Figure 1. Comparison of the manually delineated regions of interest (ROI) and deep learning (DL) model predictions for the same case. (A–C) The original T2-weighted image, the manually delineated region of interest (ROI), and the model-predicted ROI for a LLN^- patient, respectively. (D–F) The corresponding images for another patient, including the original image, manually delineated ROI, and model-predicted ROI for a LLN⁺ patient. The color coding is as follows: the purple area indicates the external iliac and inguinal regions, the green area represents the internal obturator region, the red area corresponds to the internal iliac region, blue nodes denote negative lymph nodes, and yellow nodes indicate positive lymph nodes.

Table 1

Table 1. Descriptive analysis of patients in validation cohorts stratified by AI-LLN.
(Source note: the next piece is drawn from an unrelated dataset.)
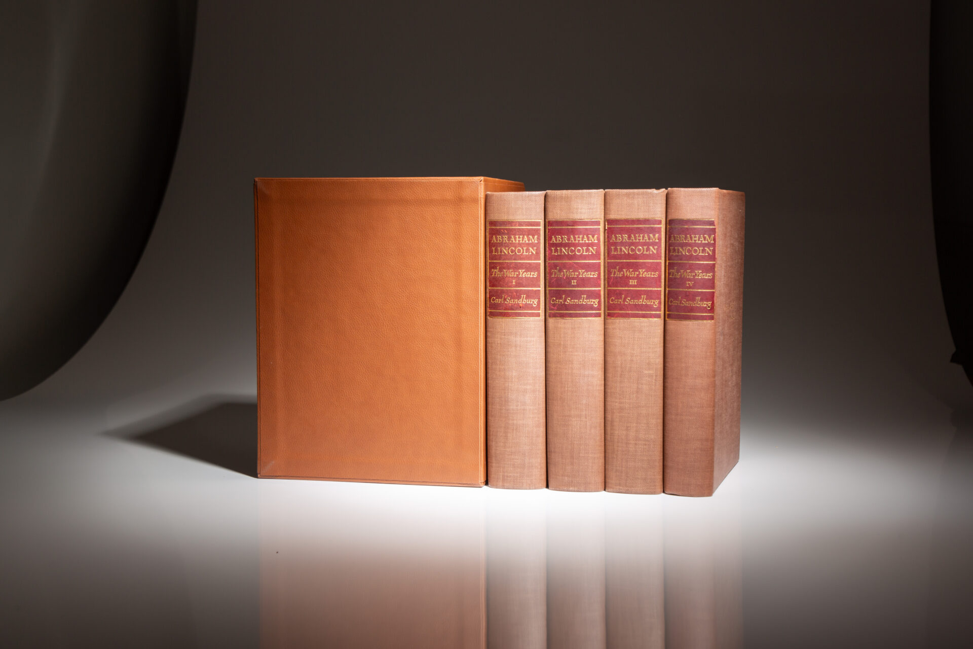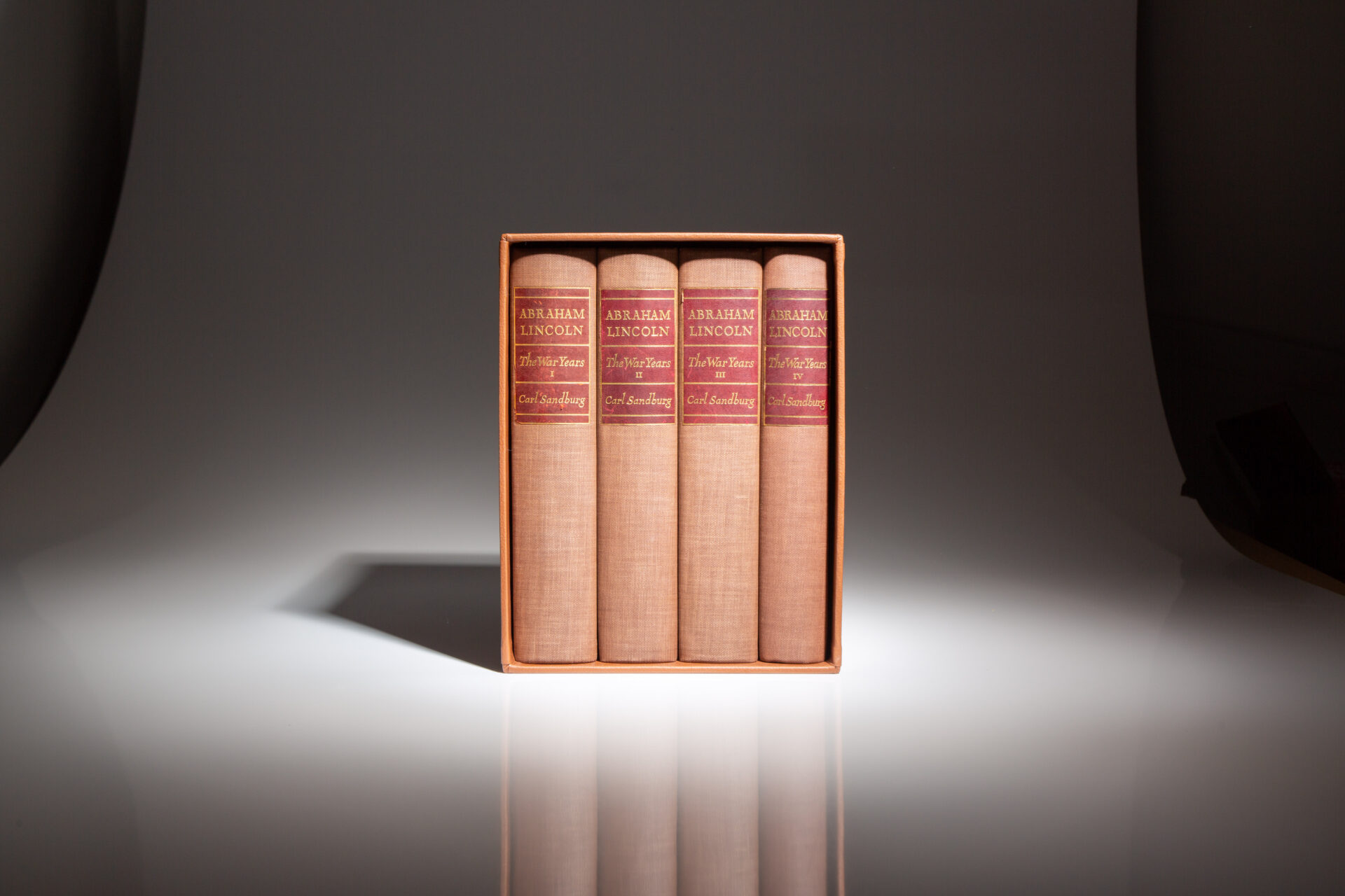Octavo, [four volumes], xxxi, 660pp; xii, 655pp; xiii, 673pp; xii, 515pp. Brown cloth, gilt title over maroon print on spine, signature of A. Lincoln in gilt on cover. Top edge gilt, uncut edges. This set appears unread. Offsetting to front endpapers of Volume I, others in fine condition. Housed in custom brown morocco slipcase.

A Cohen’s Kappa analysis was conducted to evaluate inter-rater agreement among the radiologists (Figure 2A). To evaluate the consistency of diagnostic outcomes between the deep learning (DL) model and radiologists, we employed kappa statistical analysis. According to the criteria proposed by Landis and Koch (1977), kappa values are interpreted as follows: 0.00–0.20 (slight agreement), 0.21–0.40 (fair agreement), 0.41–0.60 (moderate agreement), 0.61–0.80 (substantial agreement), and 0.81–1.00 (almost perfect agreement). The DL model and the senior radiologist demonstrated a kappa value of 0.64, indicating clinically acceptable agreement comparable to expert variability. Ultimately, results unanimously agreed upon by all three radiologists were retained, with any discrepancies resolved through a consensus discussion. The DL model demonstrated high diagnostic performance in predicting LLN positivity, achieving an accuracy of 87.50% (sensitivity 89.50%, specificity 73.77%). For regional localization of positive LLNs, the model attained 77.27% accuracy and 80% specificity, while its performance in predicting maximum short-axis diameter reached 75% accuracy and 62.50% specificity. These results, supported by the confusion matrix (Figure 2B) and regional/diameter comparisons (Figures 2C, D), indicate robust capability in LLN status assessment.

Figure 2

Figure 2. Examining the agreement between three radiologists and the AI model using Cohen’s Kappa. (A) Heatmap of Cohen’s Kappa showing the agreement between the junior radiologist (R1), mid-level radiologist (R2), senior radiologist (R3), and the deep learning (DL) model predictions. (B) Confusion matrix comparing the DL model’s predictions with the combined mrLLN assessment from all three radiologists. (C) Confusion matrix for the DL model’s prediction of lateral lymph node regions. (D) Confusion matrix for the DL model’s prediction of the maximum short-axis diameter of lateral lymph nodes. Abbreviations: R, reader; AI, artificial intelligence; LLN, lateral lymph node; mr, magnetic resonance; II, internal iliac; OB, obturator; EI, external iliac.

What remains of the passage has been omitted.